The switch in Dehradun
Uttarakhand turns 21 this year, but its political challenges haven’t changed
In 2000, the Atal Bihari Vajpayee-led government took a major political decision to create three new states — Uttarakhand was carved out from Uttar Pradesh, Chhattisgarh from Madhya Pradesh, and Jharkhand from Bihar. Among the three, Uttarakhand and Jharkhand have been plagued by political instability for much of their political existence as separate units. Jharkhand has seen 11 chief ministers (with the same individual returning to office multiple times in the case of Shibu Soren, Arjun Munda and Hemant Soren), and the last Raghubar Das government was the first to complete its five-year term. Uttarakhand has had 11 chief ministers (with BC Khanduri and Harish Rawat returning to office), and only one of them (ND Tiwari) had a full five-year term. It is in this backdrop of larger instability, both due to intra-party and inter-party issues, in some of India’s younger, smaller states, that Uttarakhand will now have a new chief minister, Tirath Singh Rawat.
But Mr Rawat’s ascension, a result of the Bharatiya Janata Party (BJP) central leadership asking Trivendra Singh Rawat to put in his papers after internal discontent, cannot just be explained as yet another instance of the political churn in states which are still in the process of institutionalising their party systems and political culture. It is significant, for it says something about the BJP. Under Narendra Modi and Amit Shah, the party’s track record suggests that once the central leadership selects a leader as CM, the BJP stays the course. Be it Manohar Lal Khattar or Yogi
Adityanath or Raghubar Das or Devendra Fadnavis, the BJP did not let external criticism dictate a shift in the leader. In the current case though, the BJP leadership gave in — primarily because the criticism against Trivendra Singh Rawat was emanating from within BJP’s own legislative ranks and from the larger ideological fraternity. The fact that elections are due next year added to the sense of urgency.
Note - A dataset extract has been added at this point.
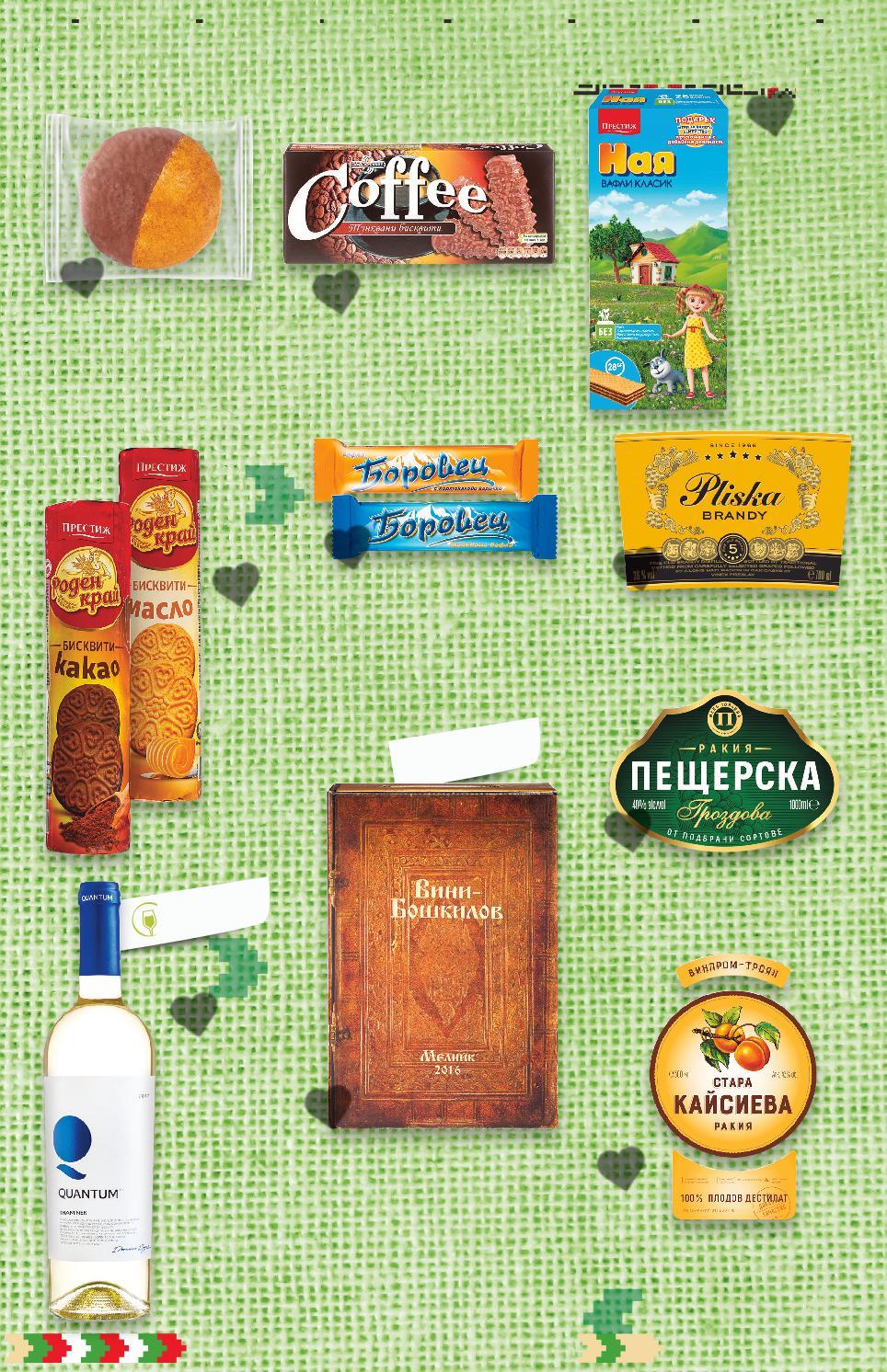 *Със звездичка са обозначени артикулите, които са специално предложение до изчерпване на наличностите. Kaufland не носи отговорност за печатни грешки. Интензивен плодоваромат Ароматна Агранадилаикиви ромат на -31% 1,99 2,89 -22% 0,69 0,89 -25% 12,99 17,39 -27% 7,99 10,99 -26% 13,99 18,99 -31% 1,29 1,89 -28% 4,29 5,99 -33% 0,46 0,69 -20% 11,99 14,99 -33% 9,99 14,99 3 литра 1 литър SWEET PLUS Бисквити Coffee, My Story или Масленки 140 - 165 г (1 кг = от 12,07) BG LINE Меденка Ретро с кафява или бяла глазура 70 г (1 кг = 9,86) ПЕЩЕРСКА Гроздова ракия 40% vol 1 л (1 л = 12,99) QUANTUM Червено, бяло вино или розе различни сортове Произход: България, Тракийска низина 0,75 л (1 л = 10,66) Ракия стара кайсиева, прасковена, ябълкова отлежала или крушова Williams 42% vol 0,5 л (1 л = 27,98) ПРЕСТИЖ Бисквити Роден край с масло, с мляко или с какао 165 - 170 г (1 кг = до 7,82) НАЯ Вафли класик, какао или мляко с какао 28 бр. в опаковка 600 - 653 г (1 кг = от 6,57) БОРОВЕЦ Вафла с какаова глазура или с портокалови корички 52 - 55 г (1 кг = от 8,37) PLISKA Бренди 40% vol 0,7 л (1 л = 17,13) ВИНИ БОШКИЛОВ Червено вино различни сортове Произход: България, долината на р. Струма 3 л BIB (1 л = 3,33) S5-BG-KW03-LFT-BG2_R-1000-10 5

The episode also throws up an interesting facet of political leadership in democracies — the criticism against the outgoing CM was that he relied excessively on bureaucrats and ignored political inputs. In some ways, this is good, for it insulates the administration from day-to-day political pressures brought on by legislators. But political voices can’t be ignored either in a democracy. This is the balance a successful politician-administrator has to strike.